Agency required to accommodate religious practices of employees

Agency required to accommodate religious practices of employees

Under Title VII, employers are required to accommodate the religious

practices of their employees unless a requested accommodation is shown to

impose an undue hardship.  42 U.S.C. § 2000e(j); 29 C.F.R. § 1605.2(b)(1).
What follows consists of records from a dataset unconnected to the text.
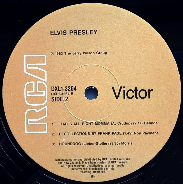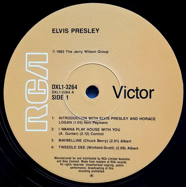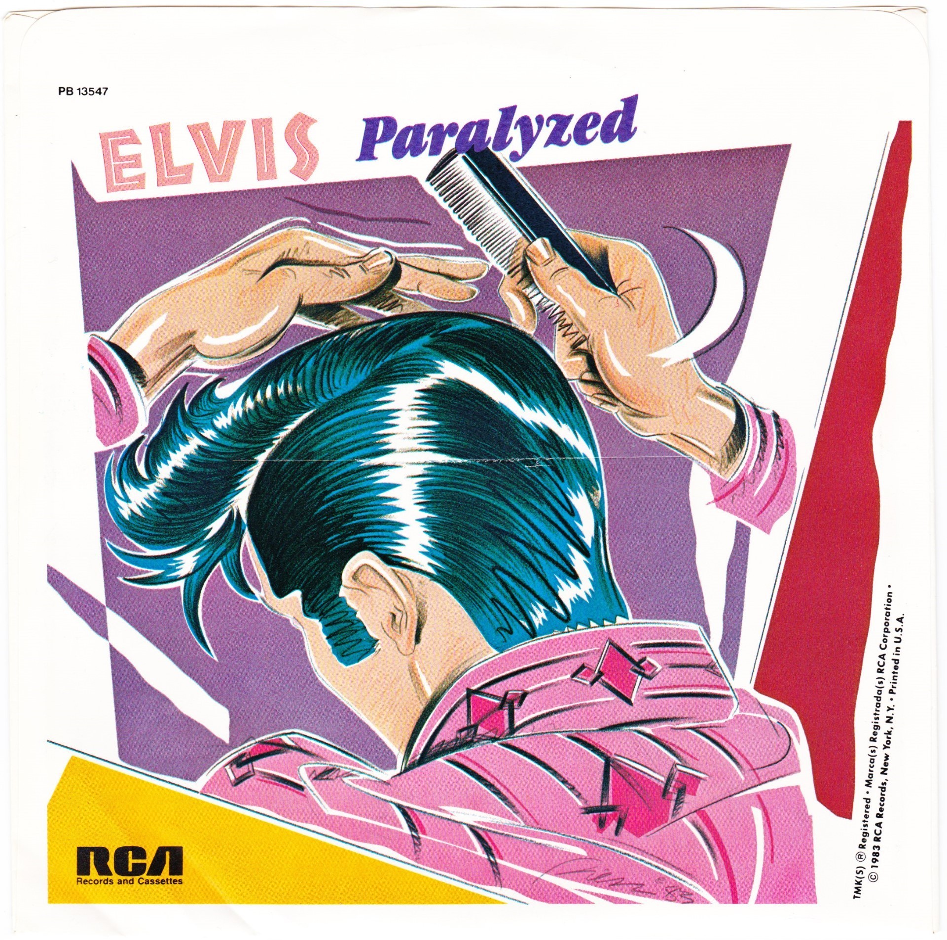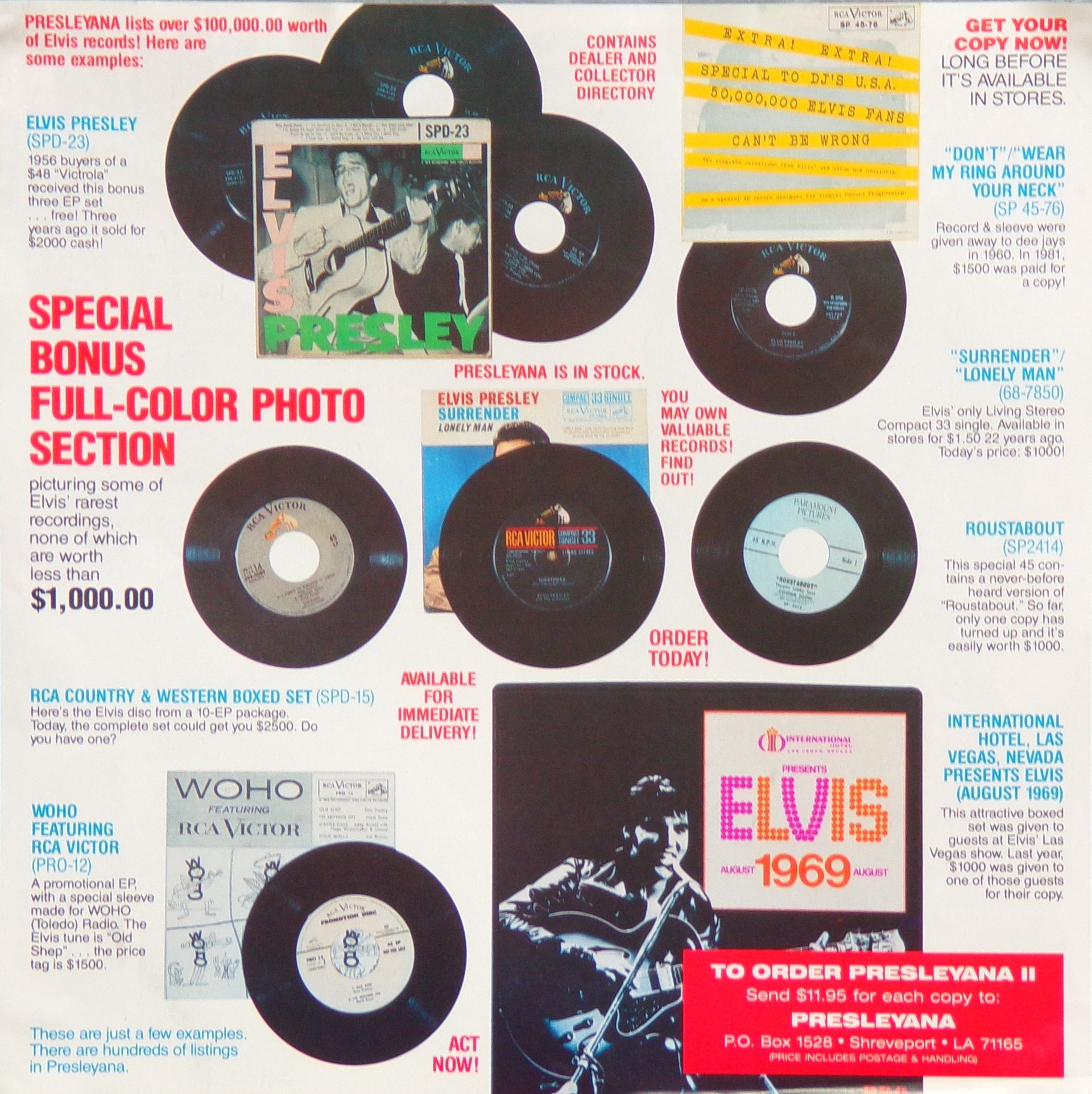 Front Cover : Cartoon photo of Elvis. Title top left. Catalogue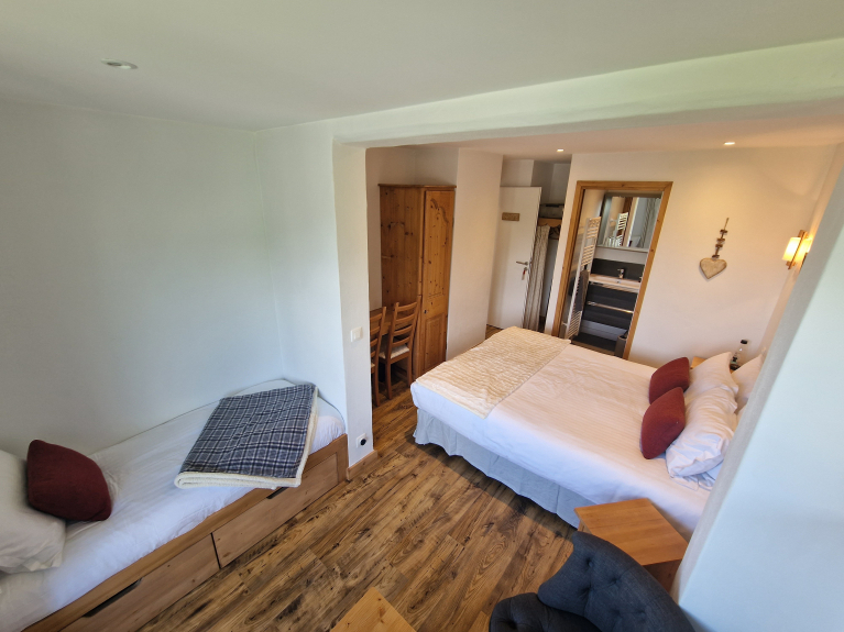 El Chalet du Vernay está idealmente situado en una calle tranquila y residencial, para disfrutar del sol desde el mediodía hasta la noche, con una vista excepcional de las cordilleras de Aravis y Fiz desde la terraza, el jacuzzi y todas las habitaciones del chalet.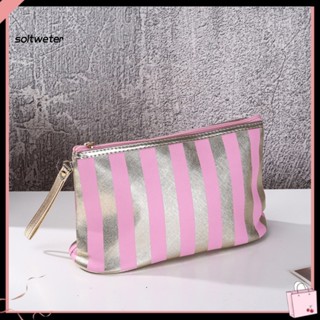 Túi Đựng Mỹ Phẩm Họa Tiết Kẻ Sọc Màu Sắc Tươi Sáng Sức Chứa Lớn Có Khóa Kéo Tiện Dụng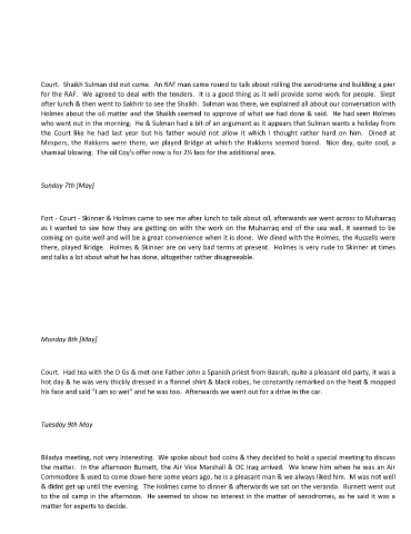 Court. Shaikh Sulman did not come. An RAF man came round to talk about rolling the aerodrome and building a pier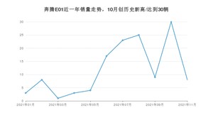2021年11月,奔腾E01销量为8辆,同比下降38.46%,环比下降73.33%。1-11月份,奔腾E01销量为131辆,同比增长627.78%。在最近1年中,奔腾E01销量在2021年10月达到最高,销量为30辆。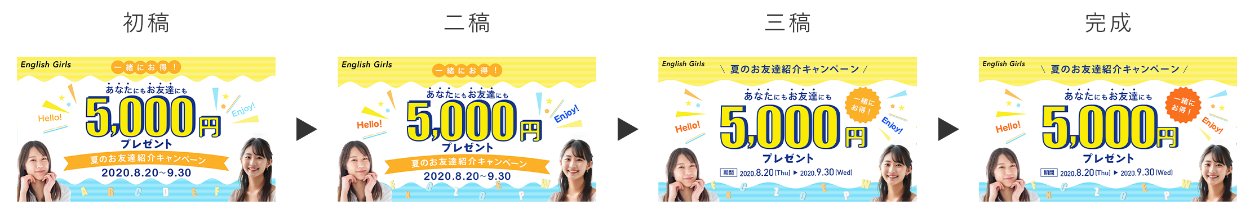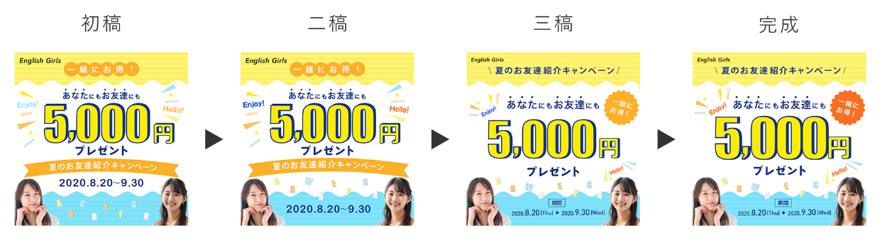 ・講師から何度もフィードバックをもらいブラッシュアップをしていく中で、修正前のバナーの違和感に気が付くことができるようになりました。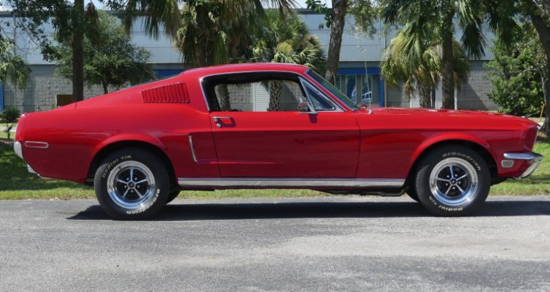 1968 Ford Mustang Fastback, Candyapple Red exterior, Black interior, 302 CID V8 engine, 4 Speed Manual transmission, RWD. Provenance : Florida. Disponibilité : environ 7 semaines, clés en main. 69 000 € tout compris (importation, taxes, procédure d'immatriculation). Annonce publiée le 28/11/2025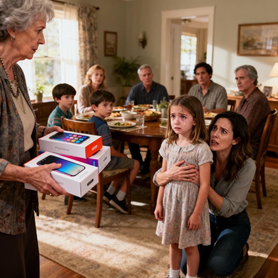 She stood in the middle of her grandmother’s living room, hands clasped together, eyes darting from face to face as excitement drained into confusion. Around her, three children tore open identical boxes, plastic wrapping crackling, voices overlapping as brand-new iPhone 17 Pro Max screens lit up the room like tiny suns.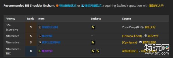 肩部装备团本前的最优解是黑暗符文衬肩,P1阶段是勇猛的救赎肩甲,附魔推荐强效峭壁铭文、强效风暴铭文,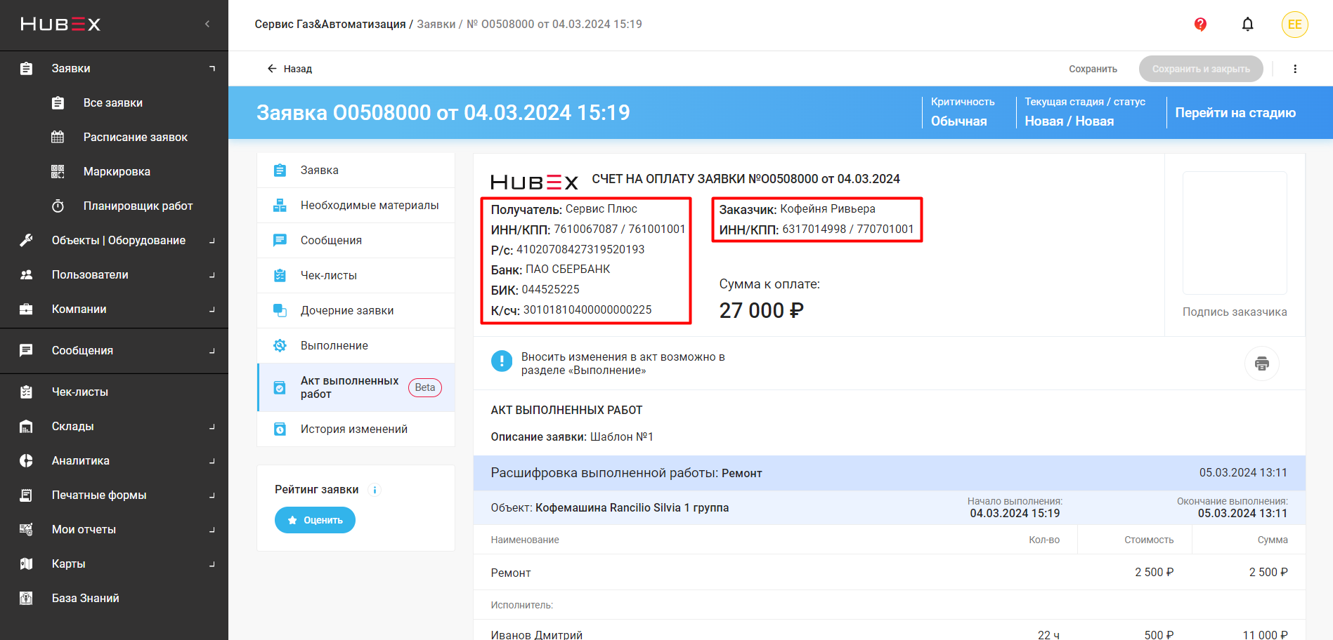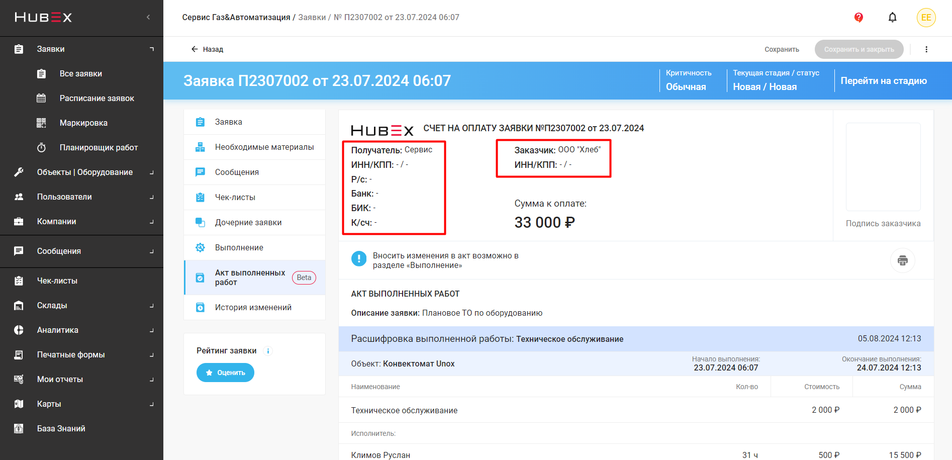 2. Обратите внимание! Если в вашей заявке будет фигурировать объект заказчика, у компании которого не заполнены все реквизиты, то в Акте выполненных работ реквизиты не будут отображаться, соответственно вы не сможете использовать функционал.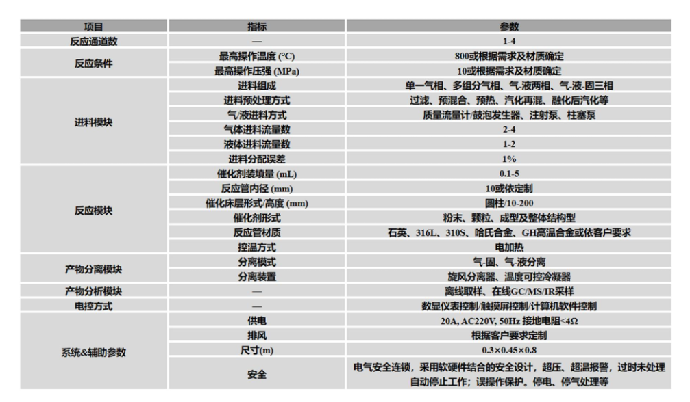 適用性:可實現(xiàn)多氣相、氣-液兩相和氣-液-固三相反應(yīng),并能與GC/MS/IR等聯(lián)用實現(xiàn)在線檢測;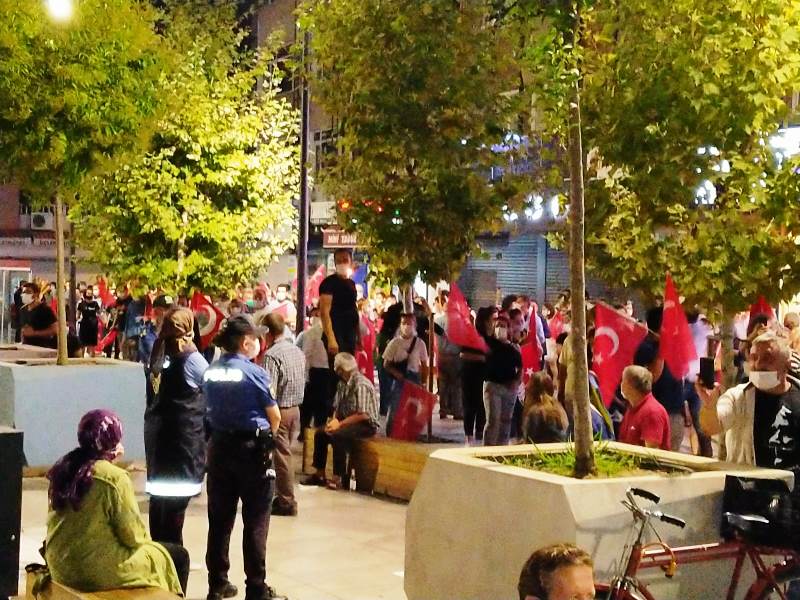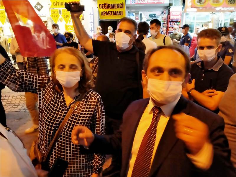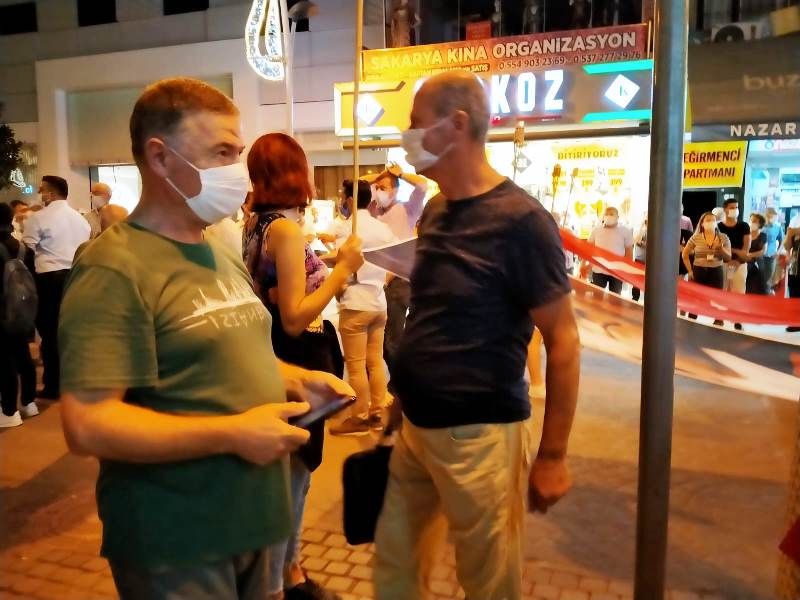 Kalabalık polis barikatına takılmış, polis ve partili grup yaklaşık 30 dakika karşılıklı olarak beklemişti. CHP İl Başkanı Ecevit Keleş’in Sakarya Emniyet Müdürü Fatih Kaya ile görüşmesinden sonra barikat kaldırıldı ve yaklaşık 100 kişilik grup “Mustafa Kemal’in askerleriyiz” sloganları atıp ellerindeki Türk Bayraklarını sallayarak caddenin başına kadar yürüdü.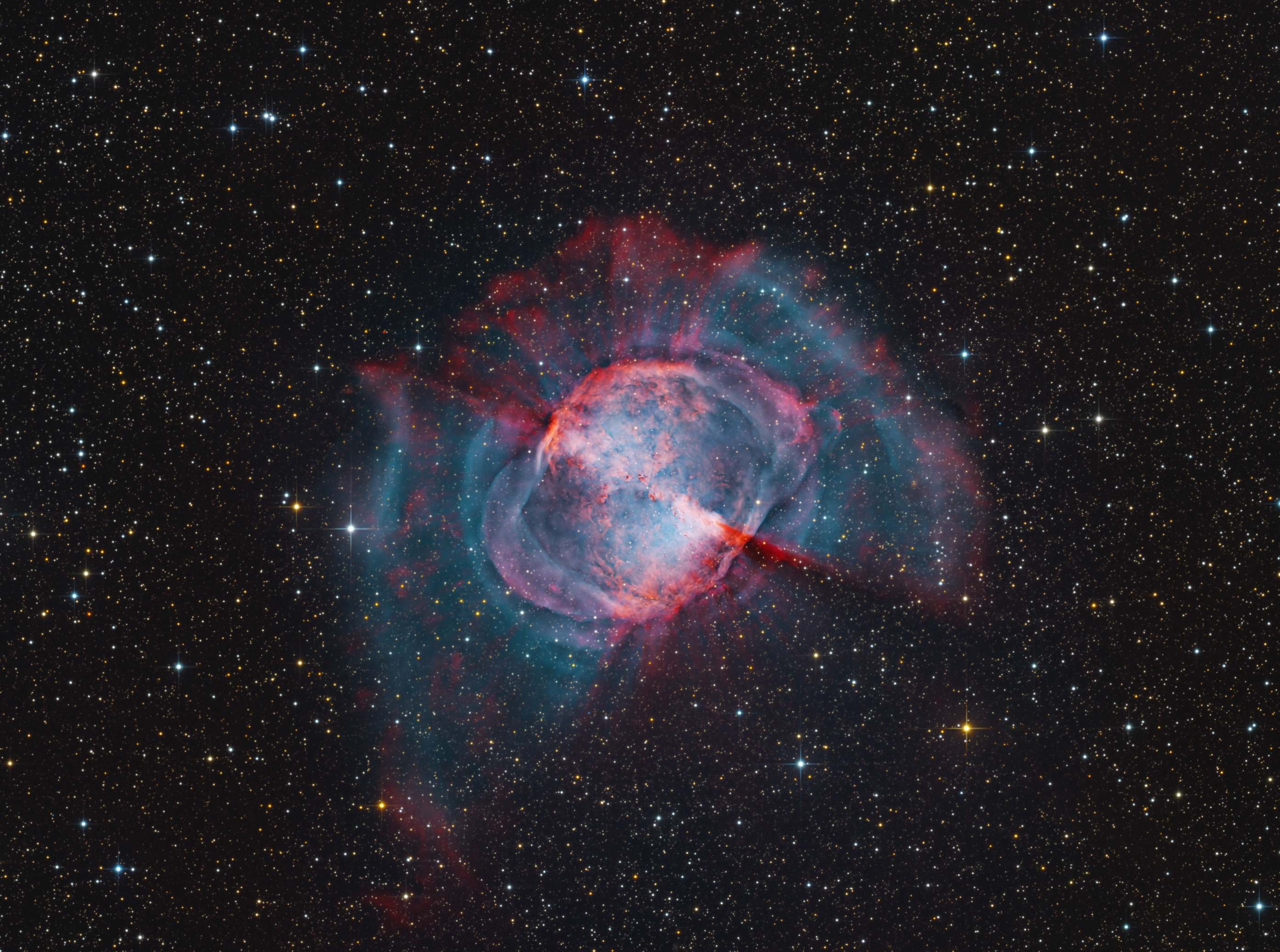 Einer der prächtigsten Objekte des Sommerhimmels ist der Planetarische Nebel Messier 27. Aber es ist nicht immer notwendig, alles neu zu belichten – manchmal hat man bereits wunderbare ( extrem lang belichtete) Daten im Archiv und es wartet eine Überarbeitung im Lichte der gegenwärtig rasanten Software-Entwicklung. Eine große Überraschung für alle im BTB-AstroTeam waren die Ergebnisse der Neubearbeitung der sommerlichen M27 Daten aus dem Jahre 2022 durch Manfred Wasshuber. Mit Hilfe von Drizzle und BlurXTerminator wurden Details sichtbar – die bisher nur von Großteleskopen (Very Large Telescope) gezeigt wurden. Wir konnten es zunächst nicht glauben und haben das Ergebnis mit Referenzen gewissenhaft überprüft. Alles real – keine Artefakte!

The traditional framework for establishing a prima facie case of

discrimination based on religious accommodation requires complainant to

demonstrate that: (1) he or she has a bona fide religious belief, the

practice of which conflicted with their employment, (2) he or she informed

the agency of this belief and conflict, and (3) the agency nevertheless

enforced its requirement against complainant.  Heller v. EBB Auto Co., 8

F.3d 1433, 1438 (9th Cir. 1993); Turpen v. Missouri-Kansas-Texas R.R. Co.,

736 F.2d 1022, 1026 (5th Cir. 1984).  Once a complainant establishes a

prima facie case, the agency must show that it made a good faith effort to

reasonably accommodate complainant’s religious beliefs and, if such proof

fails, the agency must show that the alternative means of accommodation

proffered by complainant could not be granted without imposing an undue

hardship on the agency’s operations.  See Tiano v. Dillard Dept. Stores,

Inc., 139 F.3d 679, 681 (9th Cir. 1998); Redmond v. GAF Corporation,

574 F.2d 897, 902 (7th Cir. 1978); Cardona v. United States Postal

Service, EEOC Request No. 05890532 (October 25, 1989). Pursuant to 29

C.F.R. § 1605.2(a)-(e), the Commission’s “Guidelines on Discrimination

Because of Religion” (the Guidelines), alternatives for accommodating

an employee’s religious practices include, but are not limited to,

voluntary substitutes and swaps, flexible scheduling, and lateral

transfers and job changes.  Undue hardship does not become a defense

until the employer claims it as a defense to its duty to accommodate.

Ansonia Board of Education v. Philbrook, 479 U.S. 60, 68-69 (1986).

In order to show undue hardship, an employer must demonstrate that an

accommodation would require more than a de minimis cost.  Trans World

Airlines, Inc. v. Hardison, 432 U.S. 63, 74 (1977).